- **Problem**
Every line in the records below between the one holding "Земельный участок площадью" and the one holding "[서울 1964년 겨울]은", inclusive, is to be set down exactly; all other lines are to be left out.

- **Entries provided**

= = =

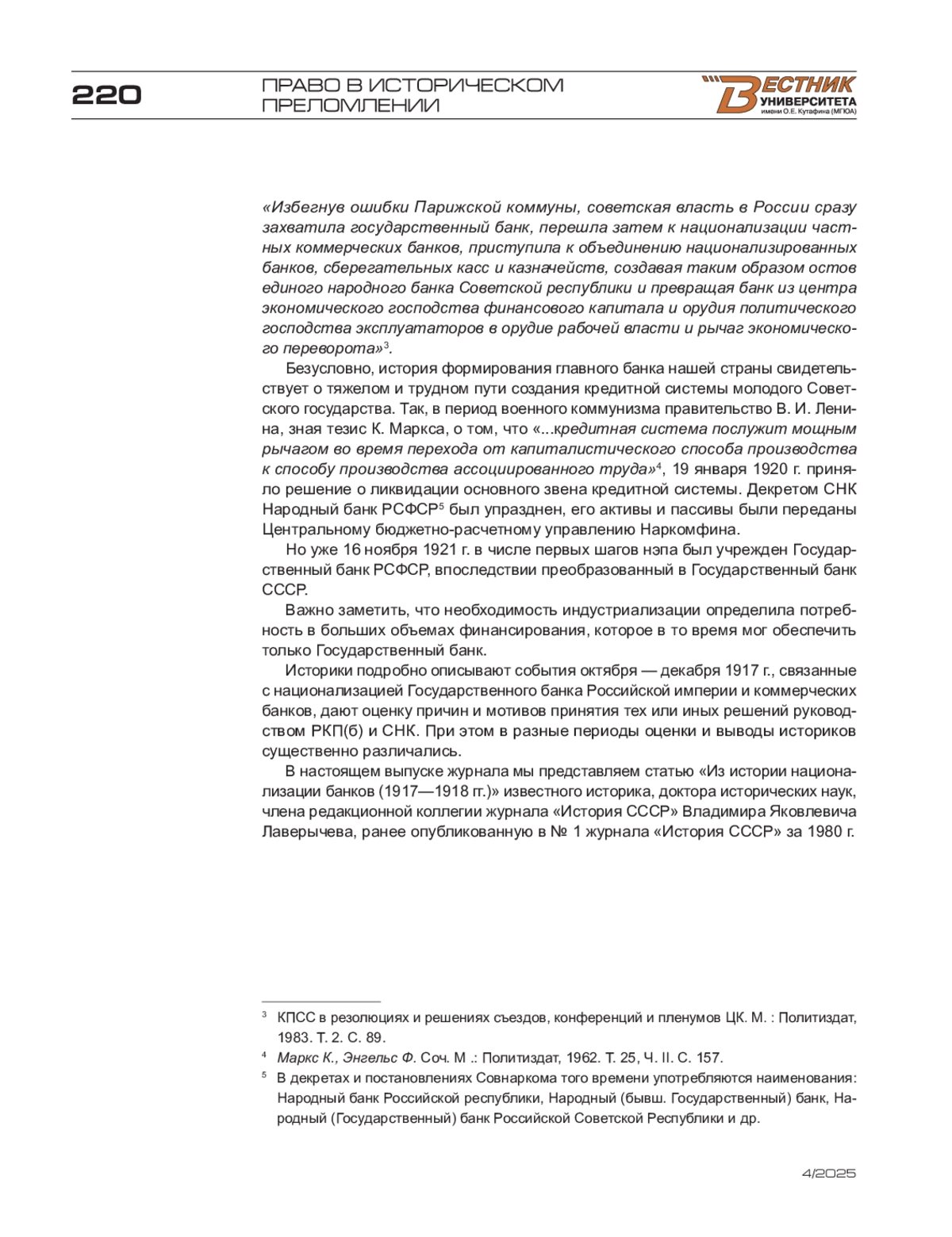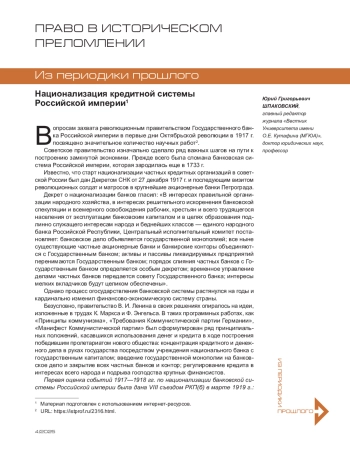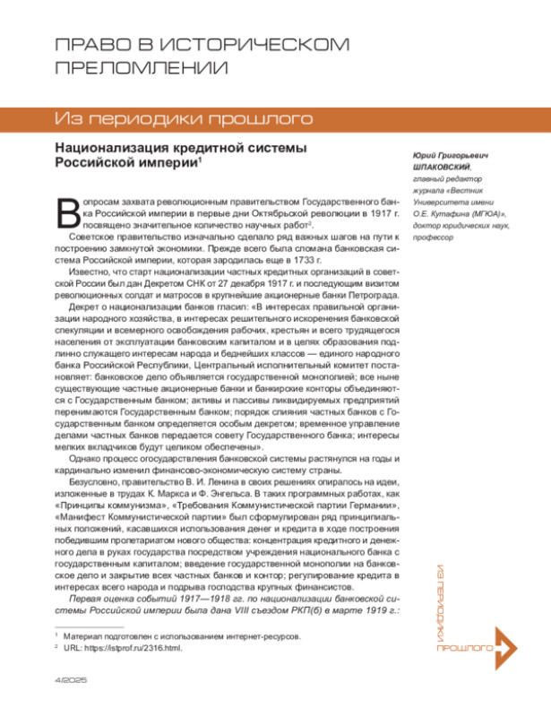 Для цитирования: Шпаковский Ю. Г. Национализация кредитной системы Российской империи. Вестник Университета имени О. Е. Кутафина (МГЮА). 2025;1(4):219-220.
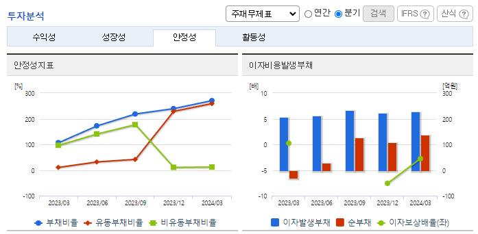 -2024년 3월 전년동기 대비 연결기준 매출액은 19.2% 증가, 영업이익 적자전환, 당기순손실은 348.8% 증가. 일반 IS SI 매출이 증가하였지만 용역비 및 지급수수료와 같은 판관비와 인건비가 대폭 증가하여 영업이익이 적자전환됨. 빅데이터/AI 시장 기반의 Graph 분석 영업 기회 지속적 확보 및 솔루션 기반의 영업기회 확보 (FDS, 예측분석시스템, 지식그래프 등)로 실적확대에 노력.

= = =

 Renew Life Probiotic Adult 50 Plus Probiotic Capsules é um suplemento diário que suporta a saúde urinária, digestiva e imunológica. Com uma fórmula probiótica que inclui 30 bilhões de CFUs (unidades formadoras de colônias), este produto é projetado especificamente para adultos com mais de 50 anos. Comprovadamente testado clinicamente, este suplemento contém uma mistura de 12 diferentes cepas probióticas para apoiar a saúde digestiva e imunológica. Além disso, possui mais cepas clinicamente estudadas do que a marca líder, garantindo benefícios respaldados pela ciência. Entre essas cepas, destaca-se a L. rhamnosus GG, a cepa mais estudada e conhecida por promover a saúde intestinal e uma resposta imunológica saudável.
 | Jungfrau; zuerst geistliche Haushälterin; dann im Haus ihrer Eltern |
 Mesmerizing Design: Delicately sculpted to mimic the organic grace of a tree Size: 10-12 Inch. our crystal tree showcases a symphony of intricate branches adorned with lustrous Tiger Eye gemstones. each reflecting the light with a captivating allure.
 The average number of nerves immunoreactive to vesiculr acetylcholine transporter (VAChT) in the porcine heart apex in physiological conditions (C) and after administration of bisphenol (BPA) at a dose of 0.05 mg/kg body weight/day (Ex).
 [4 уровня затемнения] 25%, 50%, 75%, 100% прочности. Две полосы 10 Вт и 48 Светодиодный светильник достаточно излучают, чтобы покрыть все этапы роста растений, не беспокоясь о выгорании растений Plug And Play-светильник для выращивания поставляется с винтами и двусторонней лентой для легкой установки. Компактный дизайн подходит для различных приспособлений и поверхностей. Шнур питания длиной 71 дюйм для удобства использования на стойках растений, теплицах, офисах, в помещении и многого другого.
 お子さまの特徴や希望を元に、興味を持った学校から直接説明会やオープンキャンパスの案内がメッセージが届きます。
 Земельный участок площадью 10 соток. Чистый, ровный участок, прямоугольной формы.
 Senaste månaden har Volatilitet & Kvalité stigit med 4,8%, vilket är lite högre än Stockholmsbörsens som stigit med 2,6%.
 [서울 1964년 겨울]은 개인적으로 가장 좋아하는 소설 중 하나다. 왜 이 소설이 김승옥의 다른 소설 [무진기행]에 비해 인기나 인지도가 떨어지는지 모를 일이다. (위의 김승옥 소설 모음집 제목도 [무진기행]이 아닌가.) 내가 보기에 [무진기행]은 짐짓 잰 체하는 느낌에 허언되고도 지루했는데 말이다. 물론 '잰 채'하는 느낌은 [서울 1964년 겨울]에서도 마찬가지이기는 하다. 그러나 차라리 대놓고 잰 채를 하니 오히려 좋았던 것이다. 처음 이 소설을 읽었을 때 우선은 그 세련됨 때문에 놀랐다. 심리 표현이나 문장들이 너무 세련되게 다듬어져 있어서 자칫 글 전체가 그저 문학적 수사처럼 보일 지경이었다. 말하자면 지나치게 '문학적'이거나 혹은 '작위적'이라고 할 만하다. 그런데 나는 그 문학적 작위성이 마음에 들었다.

= = =

- **Result**
 Земельный участок площадью 10 соток. Чистый, ровный участок, прямоугольной формы.
 Senaste månaden har Volatilitet & Kvalité stigit med 4,8%, vilket är lite högre än Stockholmsbörsens som stigit med 2,6%.
 [서울 1964년 겨울]은 개인적으로 가장 좋아하는 소설 중 하나다. 왜 이 소설이 김승옥의 다른 소설 [무진기행]에 비해 인기나 인지도가 떨어지는지 모를 일이다. (위의 김승옥 소설 모음집 제목도 [무진기행]이 아닌가.) 내가 보기에 [무진기행]은 짐짓 잰 체하는 느낌에 허언되고도 지루했는데 말이다. 물론 '잰 채'하는 느낌은 [서울 1964년 겨울]에서도 마찬가지이기는 하다. 그러나 차라리 대놓고 잰 채를 하니 오히려 좋았던 것이다. 처음 이 소설을 읽었을 때 우선은 그 세련됨 때문에 놀랐다. 심리 표현이나 문장들이 너무 세련되게 다듬어져 있어서 자칫 글 전체가 그저 문학적 수사처럼 보일 지경이었다. 말하자면 지나치게 '문학적'이거나 혹은 '작위적'이라고 할 만하다. 그런데 나는 그 문학적 작위성이 마음에 들었다.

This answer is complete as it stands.